Print only the lines below from the one with "Embrace festive vibes" to the one with "Lähtö Earring in", both included, exactly as they stand. Leave pictures out.

Records for processing =
┄┄┄┄┄┄┄┄┄┄┄┄┄┄┄┄┄┄┄┄

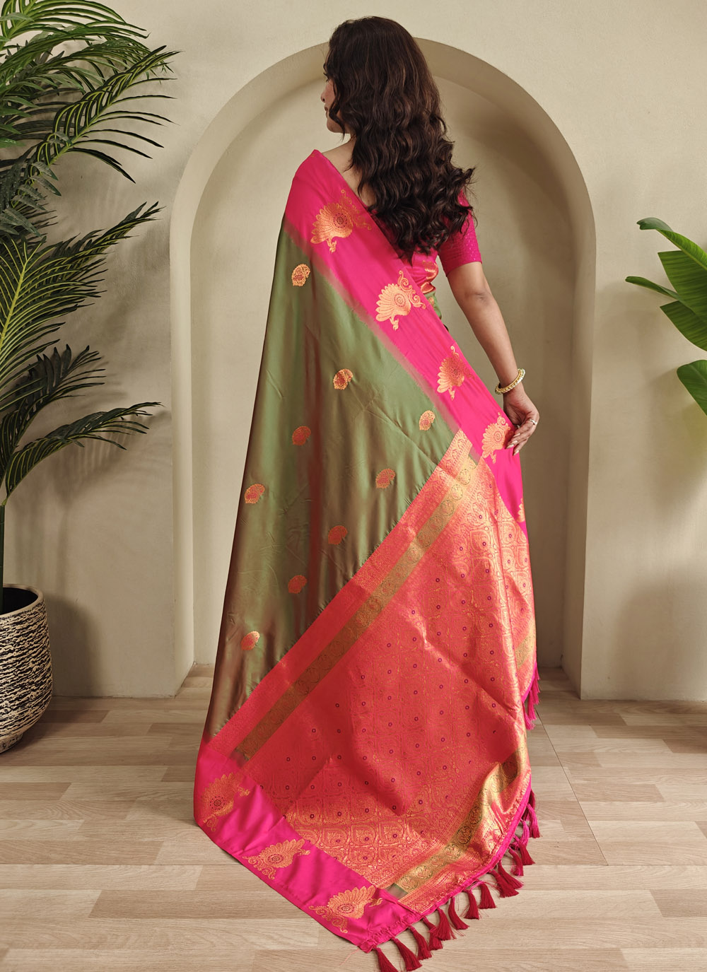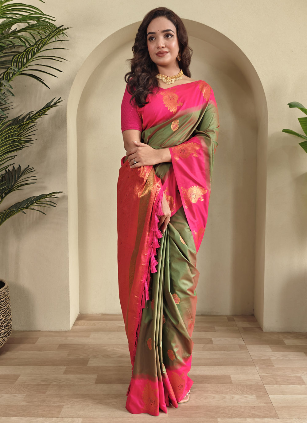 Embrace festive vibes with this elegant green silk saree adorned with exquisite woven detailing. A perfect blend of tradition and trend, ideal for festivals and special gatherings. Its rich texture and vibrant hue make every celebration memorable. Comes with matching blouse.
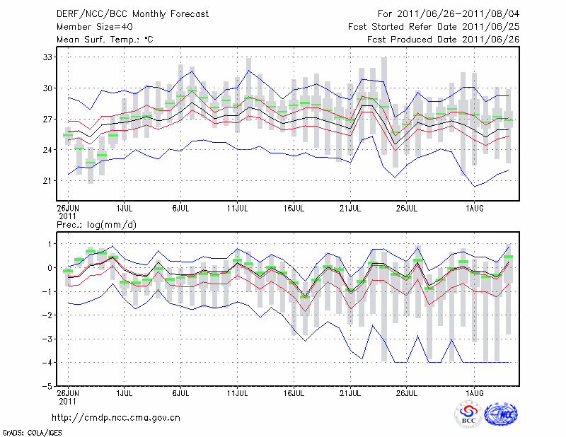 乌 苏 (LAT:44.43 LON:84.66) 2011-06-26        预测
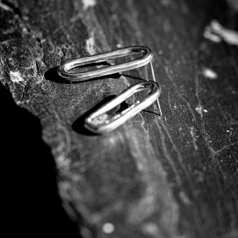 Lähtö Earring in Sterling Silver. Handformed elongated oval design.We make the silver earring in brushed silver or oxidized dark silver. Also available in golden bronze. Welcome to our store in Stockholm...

┄┄┄┄┄┄┄┄┄┄┄┄┄┄┄┄┄┄┄┄

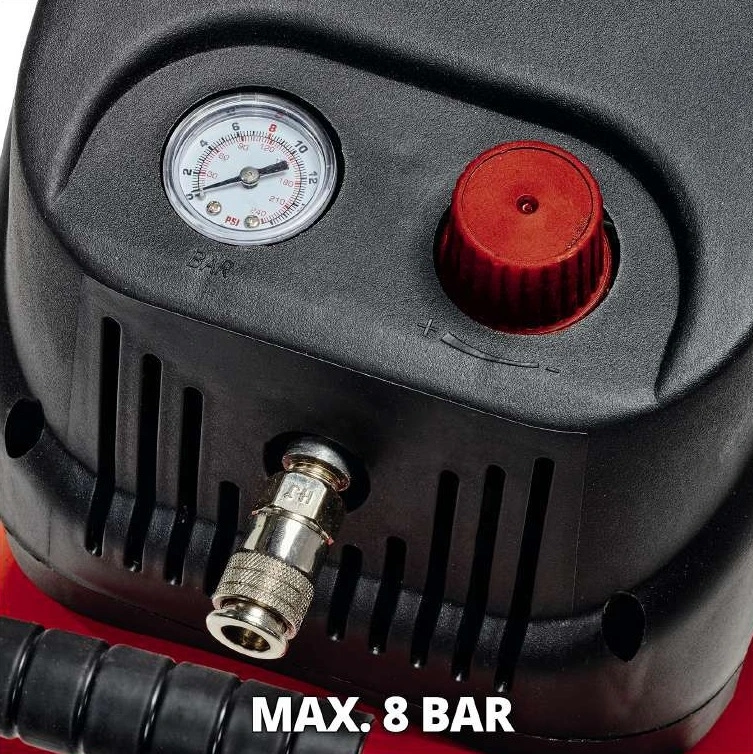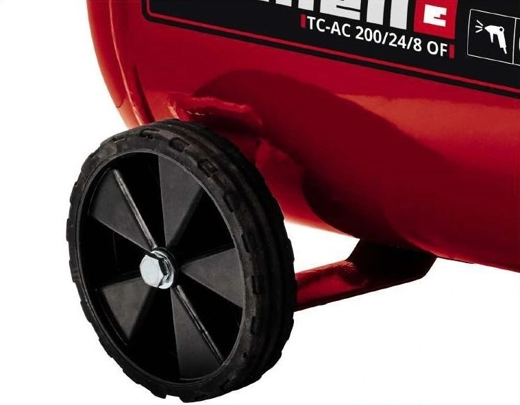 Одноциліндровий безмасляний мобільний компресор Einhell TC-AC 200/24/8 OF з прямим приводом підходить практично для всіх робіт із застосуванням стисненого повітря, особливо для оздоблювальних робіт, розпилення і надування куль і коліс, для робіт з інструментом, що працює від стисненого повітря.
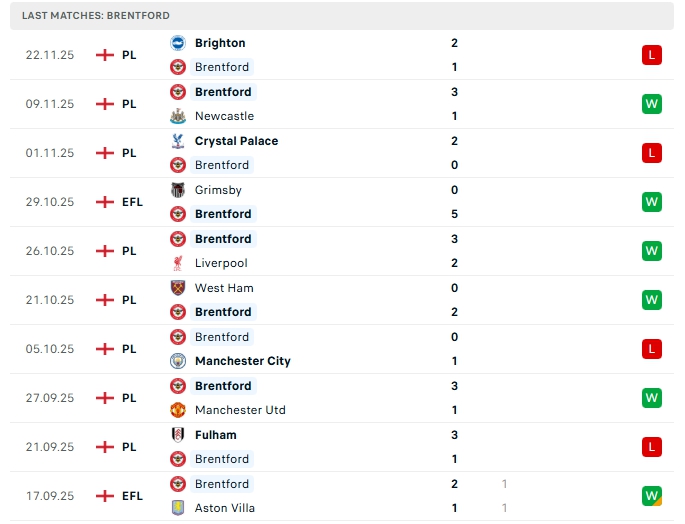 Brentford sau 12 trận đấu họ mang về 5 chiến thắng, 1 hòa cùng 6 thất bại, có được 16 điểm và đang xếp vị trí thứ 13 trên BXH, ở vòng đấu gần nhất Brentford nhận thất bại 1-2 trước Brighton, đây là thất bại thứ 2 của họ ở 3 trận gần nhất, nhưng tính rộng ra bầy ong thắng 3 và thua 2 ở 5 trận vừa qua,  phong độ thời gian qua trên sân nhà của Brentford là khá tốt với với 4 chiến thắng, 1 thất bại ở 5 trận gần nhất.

┄┄┄┄┄┄┄┄┄┄┄┄┄┄┄┄┄┄┄┄

Output of the exercise =
 Embrace festive vibes with this elegant green silk saree adorned with exquisite woven detailing. A perfect blend of tradition and trend, ideal for festivals and special gatherings. Its rich texture and vibrant hue make every celebration memorable. Comes with matching blouse.
 乌 苏 (LAT:44.43 LON:84.66) 2011-06-26        预测
 Lähtö Earring in Sterling Silver. Handformed elongated oval design.We make the silver earring in brushed silver or oxidized dark silver. Also available in golden bronze. Welcome to our store in Stockholm...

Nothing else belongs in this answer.